Theory and Simulation of Soft Matter, Hydrodynamics, and Biophysics Joost de Graaf

This course explores the principles and applications of thermodynamics and statistical physics, emphasizing the description of classical many-body systems and touching upon a few simple quantum gasses. We cover the following topics: phase transitions (gas-liquid condensation, magnetic ordering, crystallization, phase separation, and liquid-crystalline order), critical phenomena (exponents, divergent length scales, and fluctuations), and the structure and thermodynamic properties of non-ideal gasses, classical fluids, and liquid crystals. The theoretical framework comprises mean-field theory, a simple renormalization group of spin systems, Landau theory for first- and second-order phase transitions, nucleation theory, the virial expansion for non-ideal atomic gasses, and Onsager theory for anisotropic particles.

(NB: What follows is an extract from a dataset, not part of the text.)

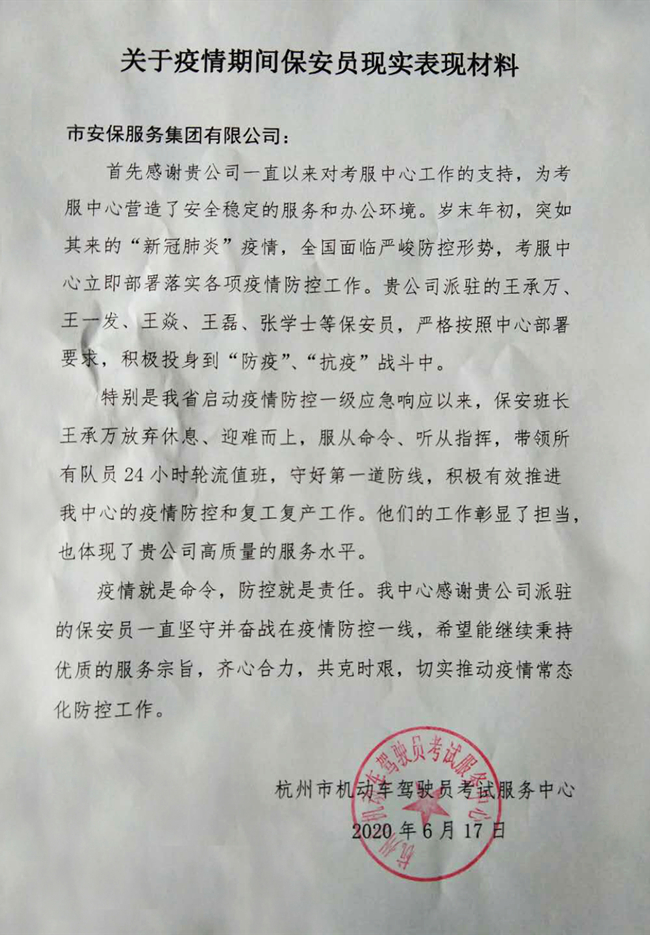 N*24小时坚守抗疫一线——杭州市安保集团保安队收到驻点单位的感谢信

In addition, the formal relationship of the various thermodynamic potentials (energy, free energy, enthalpy, Gibbs free energy, and grand potential) are related to each other via Legendre transformations; universal thermodynamic identities are also derived.

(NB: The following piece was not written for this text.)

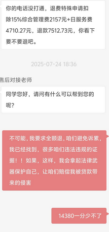 邓女士指出"包过"承诺属违规,课程质量与宣传严重不符,要求退还本科阶段半数学费6720元,同时保留专科课程学习权限。

The notes were originally put together by R. van Roij and later extended and reworked by L. Filion. I subsequently modified these to account for changes in the content and structure of the course. This includes the repartitioning of material between academic years 2021-22 and 2022-23 to accommodate the topic of ideal quantum gases. If you are interested in self-studying the material, I have provided the course schedule of 2024.